Any story about all-flash arrays must start with a disclaimer: Very few companies are diskless.

Gartner stated nine months ago that less than one percent of data centers were all-flash at that time, yet the research house is predicting the figure will skyrocket to 50% by 2020.

For now, despite the hype, flash arrays are a modest part of a balanced storage diet wherever you look. Spinning hard disks will be phased out, but most people aren’t as bullish about when.

SEE: All-flash arrays: The smart person’s guide (TechRepublic)

Infrastructure planners who want a head start may have many questions. We turned to another analyst, Enterprise Strategy Group’s Scott Sinclair, for some answers.

TechRepublic: What’s the right time for an enterprise to consider switching from HDD storage to flash?

Scott Sinclair: Yesterday. According to our research as well as the anecdotal conversations I have had with CIOs, the benefits delivered by flash storage are transformational. In fact, I have yet to meet anyone who has said that his or her flash deployment was a mistake.

For those few remaining data centers without flash, here is a good rule of thumb for transactional workloads. If your current storage infrastructure has no issues whatsoever in scale, performance, reliability, management, etc., then you are probably fine to wait until your existing infrastructure approaches its end-of-life before switching to flash storage.

TechRepublic: Speed and reliability are the biggest advantages of flash; are there underreported advantages?

Scott Sinclair: According to our research, almost half of flash users reported improvements to both operational expenses and TCO. In other words, adding flash storage helps make the infrastructure easier to manage.

TechRepublic: Cost is the biggest downside; are there underreported disadvantages?

Scott Sinclair: Not really, cost continues to be the top inhibitor of flash deployments. Even though nearly half of storage decision makers reported that flash helped improve total cost of ownership, historically there has been a premium acquisition price for flash storage relative to [hard-disk drives] in terms of cost per capacity. Thanks to a lower cost of components and more efficient software though, that cost premium is almost non-existent today when flash is compared to higher performing HDDs.

TechRepublic: In 2017, should you switch only when there’s a specific application, or is it wise to switch simply to stay ahead of the curve?

Scott Sinclair: Outside of secondary storage environments, such as backup or long-term archive, flash storage very likely will be an improvement over your HDD-based storage environment for both new and existing applications. I recommend starting with your most performance-critical applications and moving on from there.

TechRepublic: How do you decide whether to go hybrid or all-flash?

Scott Sinclair: Both hybrid and all-flash will provide significant benefits over an all-HDD based environment. All-flash is more expensive, but the performance benefits are more predictable. With flash costs coming down, I would make all-flash my default option, and then select hybrid in the cases where the budget or business priority of the workload can’t support all-­flash.

TechRepublic: If you choose hybrid, then how do you make your HDDs and flash play nicely together?

Scott Sinclair: There are a number of storage industry players that have already solved this problem. If you decide to go hybrid, my recommendation is to evaluate the performance and the manageability of the solution prior to acquisition.

TechRepublic: Is the industry starting to see any unconsidered long-term effects of flash, either pro/con?

Scott Sinclair: A couple things have come up. On the positive side, there has been a lot of talk lately about IT, or digital, transformation. This can mean a lot of things.
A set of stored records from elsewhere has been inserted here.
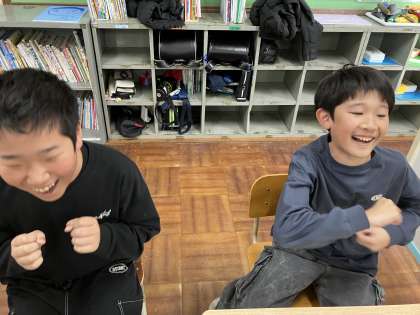 音楽で「おちゃらかほい」を歌いました。 全力で手を動かして盛り上がりました。
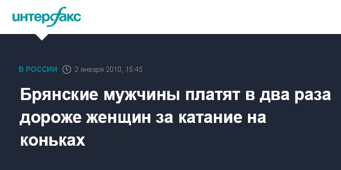 Брянские мужчины платят в два раза дороже женщин за катание на коньках
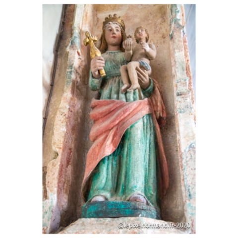 À côté de la porte d’entrée, dans une niche du mur extérieur, on peut apercevoir une statue de Saint-Mammès (ou Mamers) de Césarée tenant ces intestins dans les mains. Voici sa légende.
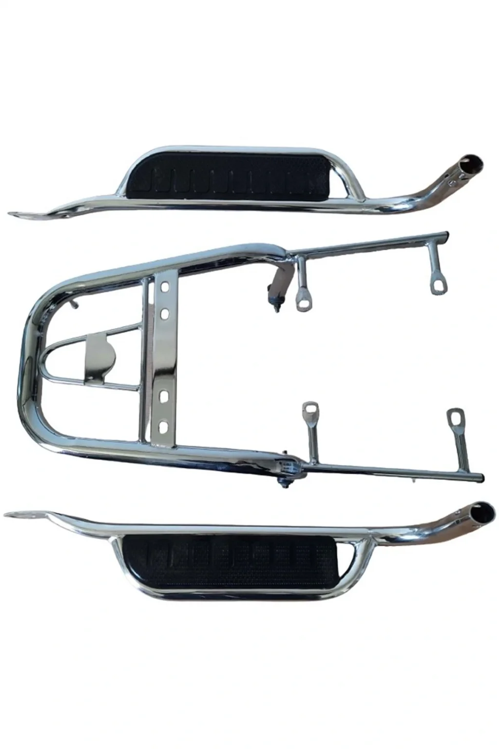 Motosikletinizin güvenliğini artırmak için tasarlanmış, dayanıklı çelik malzemeden üretilmiş koruma demiri ve takoz seti; Kolay montaj imkanı sunan bu ürün, motosikletinizin yan korkuluk ve basamak ihtiyacını karşılar; Dayanıklılığı ile öne çıkan çelik yapısı sayesinde uzun süreli kullanım için idealdir; Motosikletinizin estetiğini bozmadan, şık ve işlevsel bir görünüm sağlar;

When I think about IT transformation though, it is more than simply buying the latest and greatest stuff. It is that the new infrastructure can so dramatically improve your operations while delivering such a surplus in data performance that businesses can free up resources to address other business transformative projects, such as entering new markets or meeting customer demands in new ways. In addition, the added performance opens up opportunities to layer on analytics to existing data to become a more efficient and successful business.
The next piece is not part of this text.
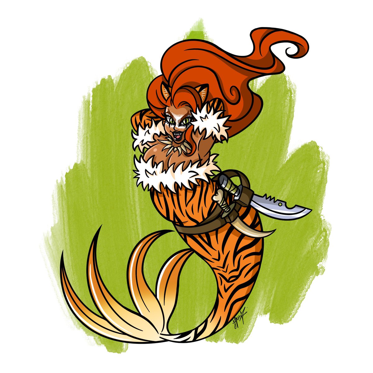 Day 13: #Wildlife 🐅 The ultimate apex predator and hunter of the wild. 🔪 #mermay2021 #mermaid #mermaychallenge #illustration #illustrationartists #digitalart #procreate #procreateart #procreateillustration #tiger #tigermermaid #tigress #hunter #wild #MerMay

SEE: Ebook–Digital transformation: A CXO’s guide (free PDF) (TechRepublic)

Flash storage has played a key role in enabling many businesses to undergo this IT transformation. One possible con has been for larger flash deployments. Flash eliminates the storage as the performance bottleneck, which is good. While the overall system performs significantly faster, finding the new bottleneck, once an organization hits it can be a challenge, however. It might be in the network, in the storage controller, or somewhere else. This typically isn’t an issue for mid-sized and even large workloads, but some high-performance enterprises are now having to identify and adjust to these new bottlenecks.

TechRepublic: What other points should buyers consider?

Scott Sinclair: With all the benefits flash provides, I would make flash storage my default choice for new storage infrastructure for transactional workloads. Obviously, storage decision makers need to evaluate the other elements of a solution before deciding, such as manageability, scalability, resiliency, etc. But with so many systems offering flash as an option today, that is often a separate consideration.